Acxelは相補的な2つのユニットから構成されている: ユーザ・インタフェースを提供するグラフィック・タブレット “Grapher”と、分析/再合成用ハードウェアの入ったラック “Solitary—— である。標準構成では256オシレータ (8ポリフォニック)、最大構成では1024オシレータ (32ポリフォニック)である。 Grapherは、32×64要素のマトリックス型タッチパネル (計2048個のLED付き導電センサー) 訳注: と英数字2行の蛍光表示管 を備えており、これは画面表示にLCDCRTを使った他のシステムと異なる特徴となっている。Acxelにおける全てのデータ表示とデータ入力の多くは、この革新的なグラフィック・デバイス経由で行われる。(なお先行機種Technos 16πシンセサイザーのキーボード部パネルにも、(少数ながら)同様なデバイスが搭載されている)

Acxelの販売期間は1989–92年だったが、価格の高さと操作の難しさが原因で、メインストリームの支持を得る事ができず商業的に成功できなかった。この結果、Acxelは今では極めてレア (1989–92年に39台出荷[1]) でオブスキュアで高価になっている。Acxelリシンセサイザーはその野心にも関わらず、従来のサンプラーを置き換える事ができなかった。しかしながらAcxelの革新的コンセプトは、現代的な加算分析/再合成型のリシンセサイザー —— たとえば VirSyn CubeCamel Audio Cameleon 5000 —— にその面影を見る事ができる。

動作[編集]

Technos Acxelは、音を分析して再合成を行なうリシンセサイザー (分析/再合成型シンセサイザー) であり、記録された音をそのまま再生するサンプラーとは方式が異なる。

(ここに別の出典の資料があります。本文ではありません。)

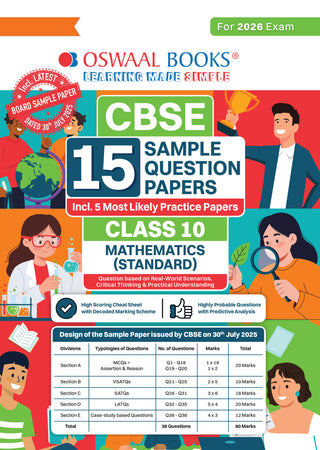 CBSE 15 Sample Question Papers Class 10 Mathematics Standard for 2026 Board Exam (As per CBSE Sample Question Paper issued on 30 July 2025), recommended by 2025 CBSE Toppers with Chapter wise Highly Probable Questions

通常のサンプラーはA/Dコンバータを使って、連続的に変化するアナログ信号をディジタル・データに変換してそのまま記録し、後でそのまま再生する。他方Acxelは任意の音の複雑な倍音構造を扱う前提で、フーリエ変換で音を有限個の正弦波の組に分解し、個々の正弦波を変更して音を根本的に作り変え、複数の正弦波オシレータを使った加算合成で新しい音を再合成 (re-synthèse) する。 AcxelPierre Guilmetteが発明し、操作設計 (operational design) はTechnos創業者Nil Parentが実現し、前述の二人と他のパートナー達が所有・経営する企業Technosでシステムが開発された。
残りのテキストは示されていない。